The plaintiff sued on a subscription for bonds of the plaintiff which it is alleged the defendant’s intestate made. The subscription agreement is annexed to the complaint and in it the agreement is made with the “Woodmere School” and it is for the bonds of that “ school ” that the defendant’s intestate subscribed. The complaint alleges that the subscription was intended for bonds of the plaintiff and was delivered to the plaintiff. It also alleges that in consideration of similar agreements, bonds to the amount of $200,000 were subscribed for by others; that it was agreed that the payments be made in equal payments of $1,000 each; that $1,000 has been paid and payment of the balance demanded.
The defendant, as administratrix, interposed an answer denying knowledge or information sufficient to form a belief as to the truth of these allegations. The denial is not in absolutely correct form, but absolute correctness in pleading is not necessary to defeat a motion of this kind. (Curry v. Mackenzie, 239 N. Y. 267.) The answer puts in issue the execution of the subscription agreement, the allegation that it was intended for this plaintiff and that other subscriptions were made on similar forms. An attempt is made by affidavits to show that the defendant did have actual knowledge of her intestate’s subscription, but the plaintiff only succeeds in showing that the defendant was present when plaintiff's representatives called; that she knew the purpose of their call; but the affiants fail to say that she was present when her husband subscribed and do say she was not present all the time *459during their call. The result is that the affidavits fail to show that the defendant has any knowledge of the truth of the allegations as to which knowledge is denied. The affidavits may be very convincing and lead to the conclusion that the plaintiff will probably succeed, but still if they do not meet the defendant’s denial and show that she in fact has knowledge of the controverted facts it cannot deprive her of the right to have the facts proved in court by common-law proof. The defendant has interposed a denial in the form prescribed by the Civil Practice Act (§ 261). She has also complied with rule 113 of the Rules of Civil Practice, as she has shown facts sufficient to entitle her to defend. In her affidavit filed in opposition to this motion, in speaking of these transactions, the defendant says she has absolutely no knowledge. This being so, it was her duty to defend and her answer should not be stricken out. (Rogan v. Consolidated Coppermines Co., 117 Misc. 718.) The Court of Appeals has said that the power of the court upon application for summary judgment should be exercised with care and not extended beyond its just limits. (General Investment Co. v. Interborough R. T. Co., 235 N. Y. 133, 144.)

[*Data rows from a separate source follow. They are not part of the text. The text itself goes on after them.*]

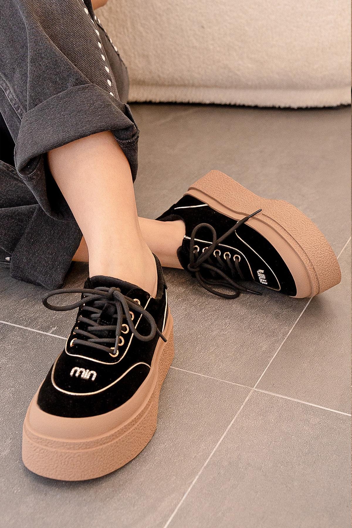 MOLLY GUJA İTHAL ÖZEL SERİ KADİFE KADIN SPOR AYAKKABI SİYAH
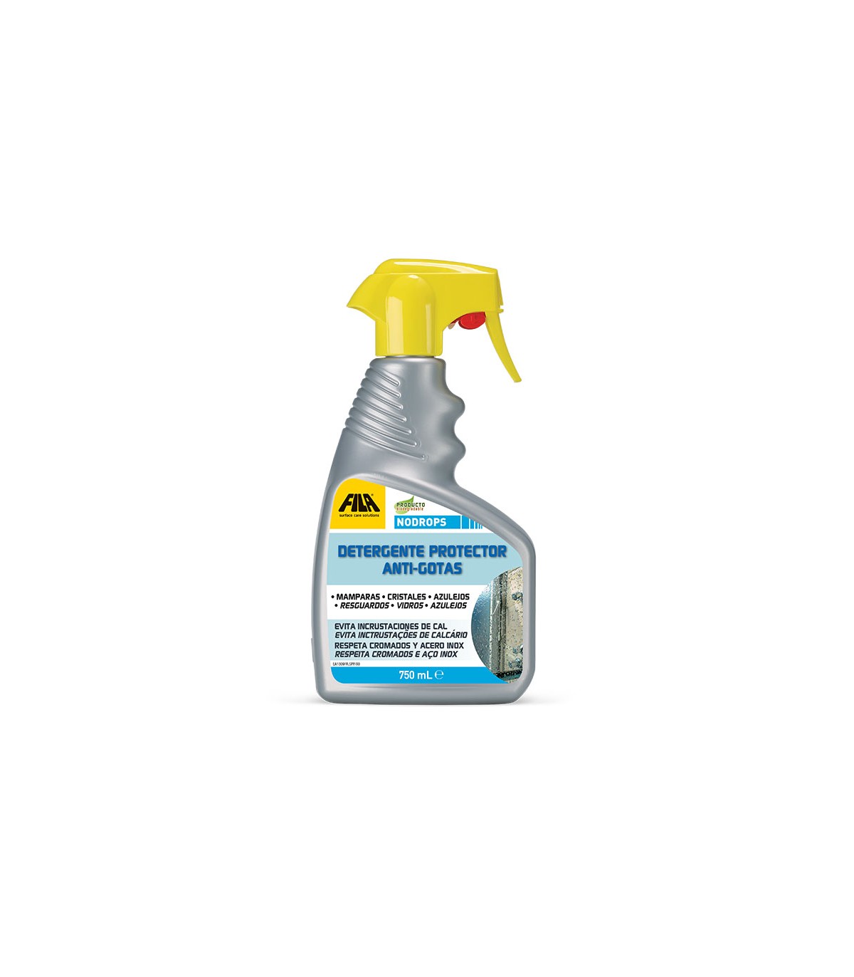 Limpia, protege, evita gotas, cercos cal. Superficies hidrófilas: el agua desliza sin dejar marcas. Fórmula ecológica y no ácida. Ideal mamparas, grifos, acero, plexiglass, espejos, gresite.con pulverizador.
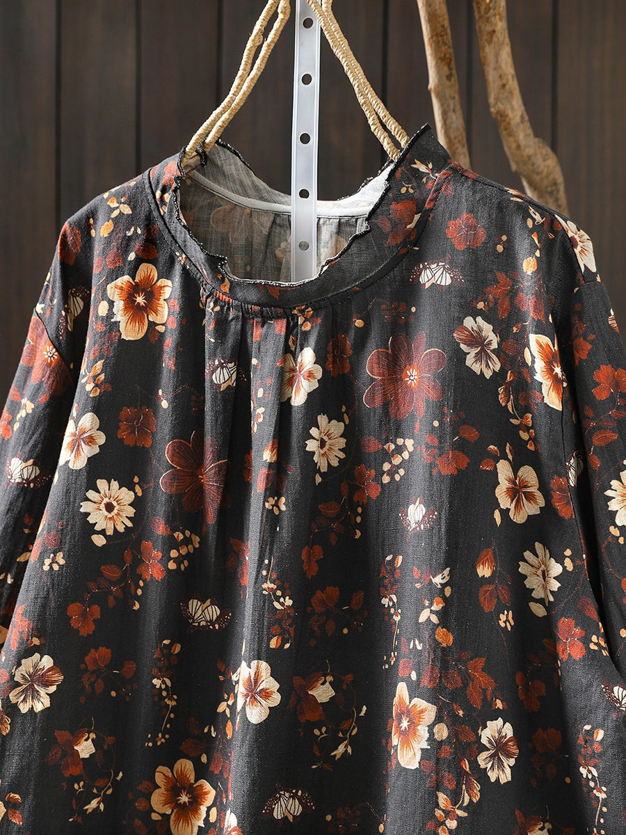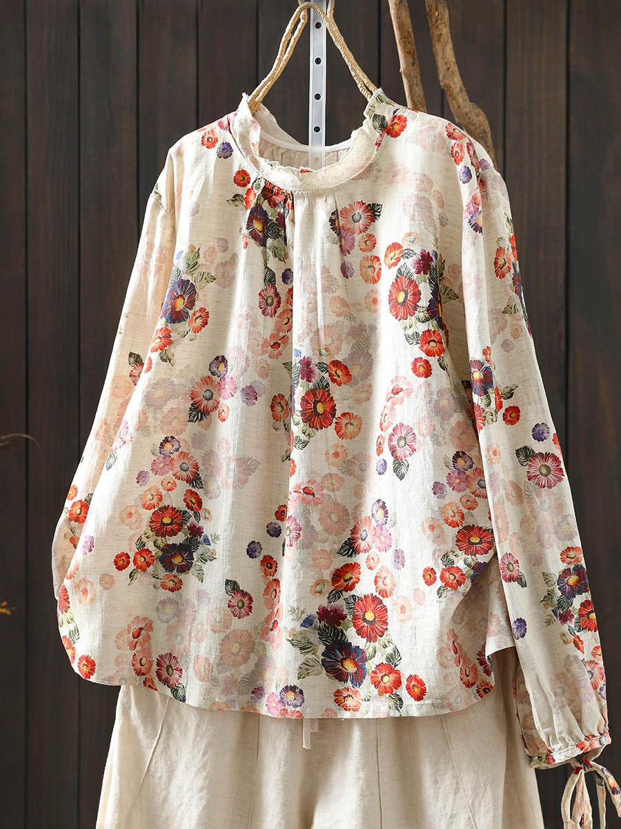 Women Spring Artsy Flower 100%Linen Blouse
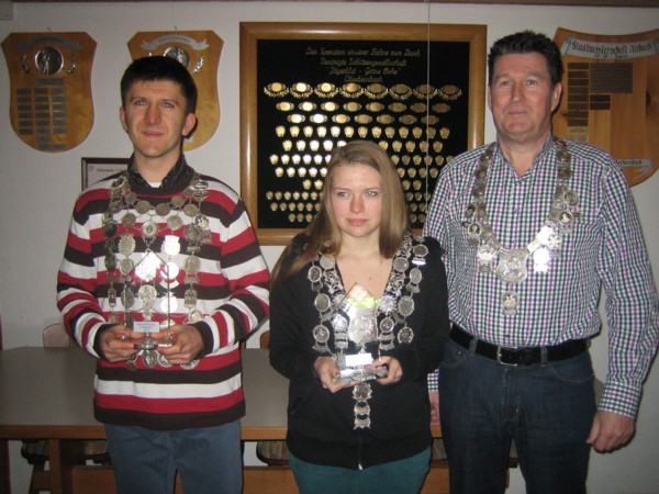 Nun wurde es so richtig spannend, denn es stand die Proklamation der neuen Schützenkönige für das Jahr 2014 auf dem Programm. Erstmals Schützenkönig in der Schützenklasse wurde mit einem 15,0 Teiler Markus Berchthold. Ihm folgten Theresa Beck 19,4 Teiler und Stefan Schneider mit einem 33,0 Teiler. König in der Disziplin Luftpistole wurde mit einem 73,8 Teiler Karl Beck, der somit seinen Vorjahrestitel verteidigen konnte. Zweiter wurde Klaus Hörmann mit einem 77,7 Teiler und den dritten Platz belegte Thomas Rebenyi. Die Könige in den Disziplinen LG und LP bekamen einen Glaspokal überreicht. Zusätzlich bekamen die drei Erstplazierten ein schönes Stück Geräuchertes mit nach Hause.
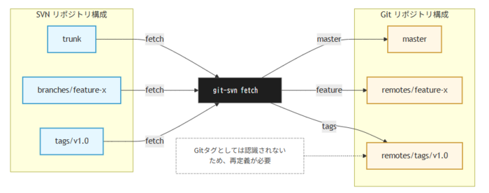 - SVN の Trunk、ブランチ、タグが、Git 側では master、リモートブランチ、およびタグ相当の参照として変換・生成されていることを確認します。 以下は、git-svn による標準レイアウトの変換結果を概念的に示した図です。
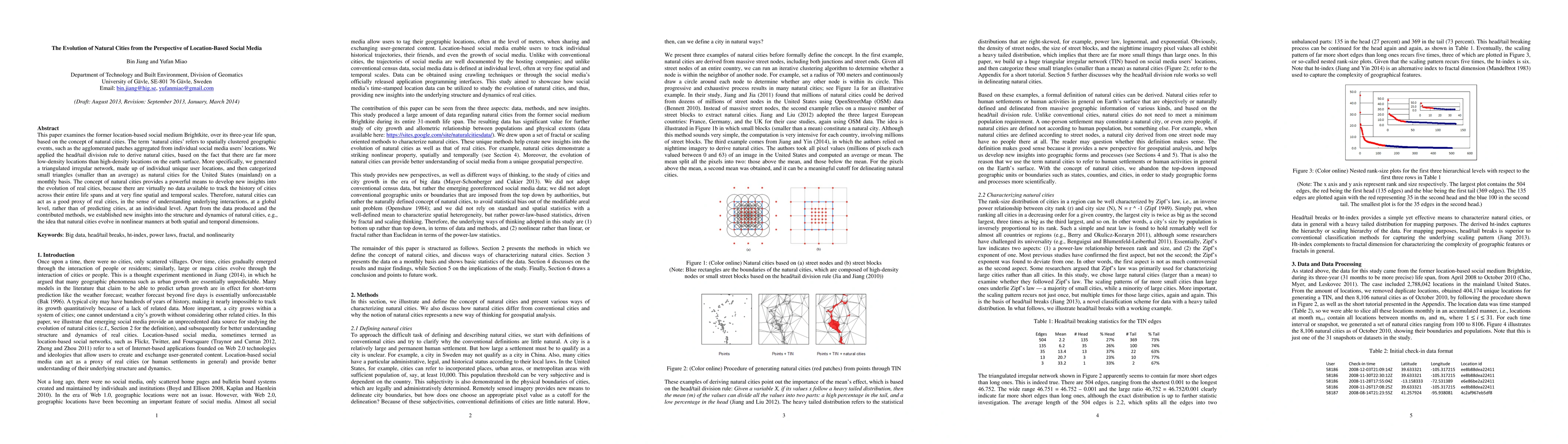 This paper examines the former location-based social medium Brightkite, over its three-year life span, based on the concept of natural cities. The term 'natural cities' refers to spatially clustered geographic events, such as the agglomerated patches aggregated from individual social media users' locations. We applied the head/tail division rule to derive natural cities, based on the fact that there are far more low-density locations than high-density locations on the earth surface. More specifically, we generated a triangulated irregular network, made up of individual unique user locations, and then categorized small triangles (smaller than an average) as natural cities for the United States (mainland) on a monthly basis. The concept of natural cities provides a powerful means to develop new insights into the evolution of real cities, because there are virtually no data available to track the history of cities across their entire life spans and at very fine spatial and temporal scales. Therefore, natural cities can act as a good proxy of real cities, in the sense of understanding underlying interactions, at a global level, rather than of predicting cities, at an individual level. Apart from the data produced and the contributed methods, we established new insights into the structure and dynamics of natural cities, e.g., the idea that natural cities evolve in nonlinear manners at both spatial and temporal dimensions. Keywords: Big data, head/tail breaks, ht-index, power laws, fractal, and nonlinearity
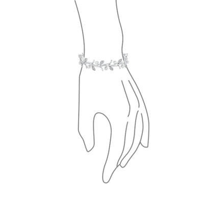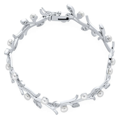 - Fashionable yet feminine and stunningly lovely design to elevate your look. White delicate pearls paired with pave leafs to create a floral vine of flowers . A stylish yet classic look your bridal party would appreciate, for any special occasions.
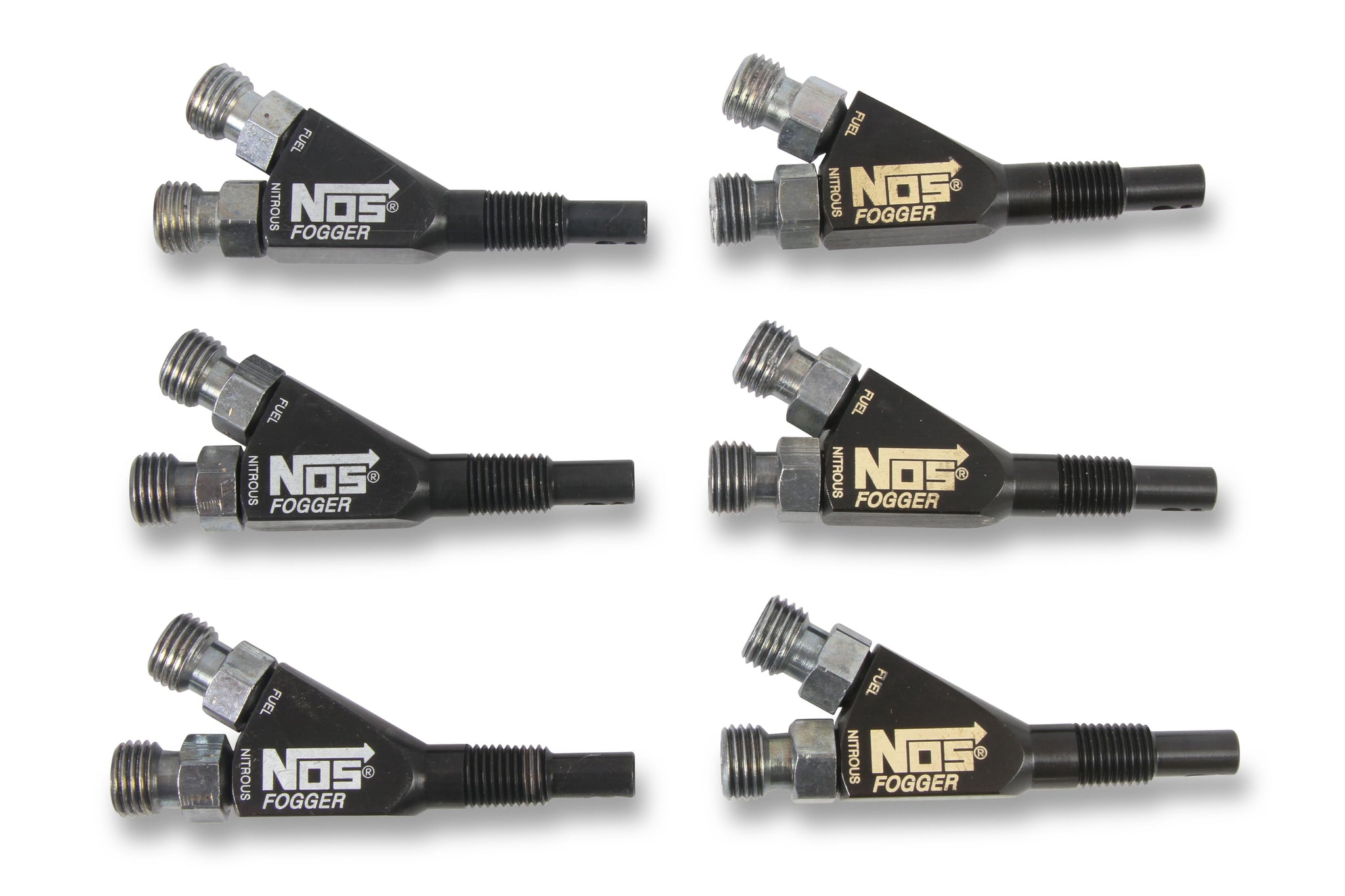 Engineered for precise distribution of nitrous and fuel for all domestic and foreign carbureted/EFI 4, 6, 8 cyl. & Rotary engines. The NOS Sportsman Fogger Systems offer superior atomization and tuning by injecting precisely measured amounts of fuel and nitrous into each individual port with our patented Fogger Nozzles. Power levels are adjustable by changing nitrous and fuel jets in each Fogger Nozzle. The latest in high-tech solenoid technology allows for an extreme degree of reliability with jetting adjustability ranging from a 50 to a 150 extra HP gain. All Sportsman Fogger Systems include a 10 lb. capacity nitrous bottle, Powershot nitrous and fuel solenoids, Fogger nozzles, aircraft quality steel braided hose, and all other necessary electrical and mounting hardware for a complete installation.

The position of the administratrix differs from that of the original debtor. If in the usual course of settling the estate a claim is presented and the administratrix doubts the justice of it, she can give the creditor notice to that effect and suit thereon must be brought within three months or the claim tried and determined upon the final accounting. (Surrogate’s Court Act, § 211.) Reasons are not required. The administratrix must unequivocally dispute the claim and this sets the short Statute of Limitations running and if an action is not brought within the statutory period, the claimant is required to establish his claim upon the accounting. (Van Ness v. Kenyon, 208 N. Y. 228; Surrogate’s Court Act, § 211.) Claims against estates must be established by very satisfactory evidence. (Matter of Van Slooten v. Wheeler, 140 N. Y. 624, 633.)
I can see no reason for applying a different rule to an action against ■ an administratrix. If the administratrix alleges that she has no knowledge, the claimant must establish his claim.
The order and judgment should be reversed upon the law, with costs, and the motion denied, with ten dollars costs.
Kelly, P. J., Rich, Kelby and Young, JJ., concur.
Order and judgment reversed upon the law, with costs, and motion denied, with ten dollars costs.